EWMoE: An effective model for global weather forecasting with mixture-of-experts
Lihao Gan, Xin Man, Chenghong Zhang, Jie Shao
TL;DR
The paper tackles fast, accurate global weather forecasting under data and compute constraints. It introduces EWMoE, a ViT-based encoder–decoder augmented with a 3D absolute position embedding, a sparse Mixture-of-Experts layer, and specialized load-balancing and position-aware losses. On ERA5 with only two years of training data, EWMoE outperforms FourCastNet and ClimaX and matches Pangu-Weather and GraphCast on short-range forecasts while using far less data and GPU time; ablations show the MoE architecture and the 3D embedding as key contributors.
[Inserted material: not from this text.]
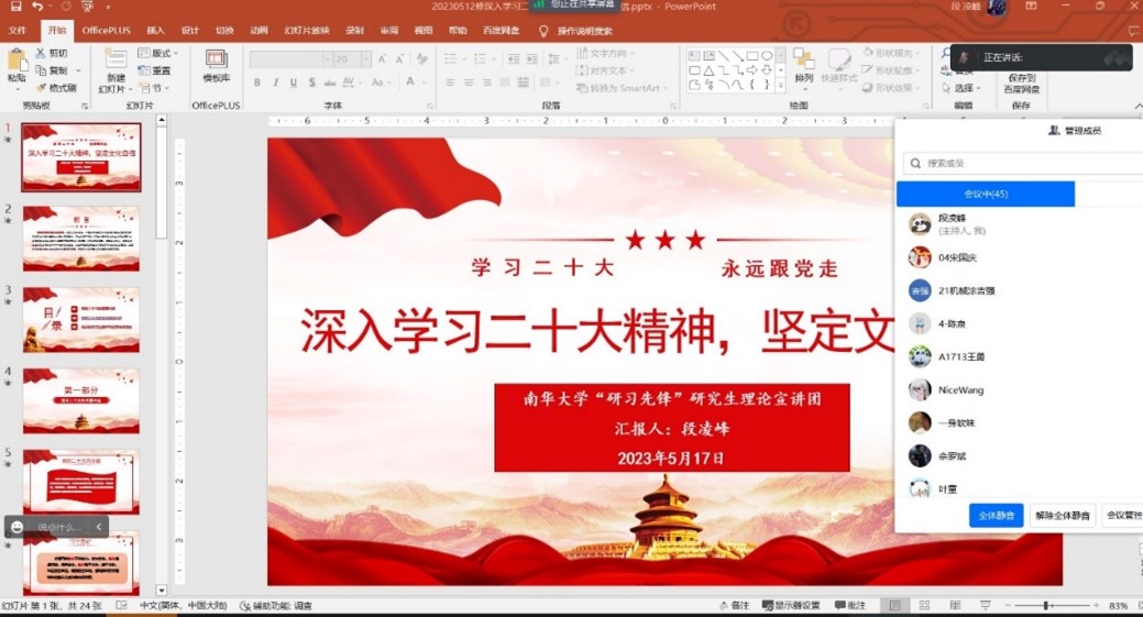 宣讲团成员段凌峰以线上会议的方式,为机械工程学院的同学们作了主题为“深入学习党的二十大精神,坚定文化自信”的理论宣讲。他带领机械工程学院的研究生们重点学习了党的二十大报告中关于文化自信的内容,着重强调了推进文化自信自强的重要意义,呼吁全体与会同学做文化自信的践行者,凝心聚力,铸就时代的新辉煌。

The work demonstrates that combining geometry-aware representations with sparse, scalable capacity can significantly improve weather forecasts and resource efficiency, with potential applicability to broader climate modeling tasks.
Abstract
Weather forecasting is a crucial task for meteorologic research, with direct social and economic impacts. Recently, data-driven weather forecasting models based on deep learning have shown great potential, achieving superior performance compared with traditional numerical weather prediction methods. However, these models often require massive training data and computational resources. In this paper, we propose EWMoE, an effective model for accurate global weather forecasting, which requires significantly less training data and computational resources. Our model incorporates three key components to enhance prediction accuracy: 3D absolute position embedding, a core Mixture-of-Experts (MoE) layer, and two specific loss functions. We conduct our evaluation on the ERA5 dataset using only two years of training data. Extensive experiments demonstrate that EWMoE outperforms current models such as FourCastNet and ClimaX at all forecast time, achieving competitive performance compared with the state-of-the-art models Pangu-Weather and GraphCast in evaluation metrics such as Anomaly Correlation Coefficient (ACC) and Root Mean Square Error (RMSE). Additionally, ablation studies indicate that applying the MoE architecture to weather forecasting offers significant advantages in improving accuracy and resource efficiency. Code is available at https://github.com/Tomoyi/EWMoE.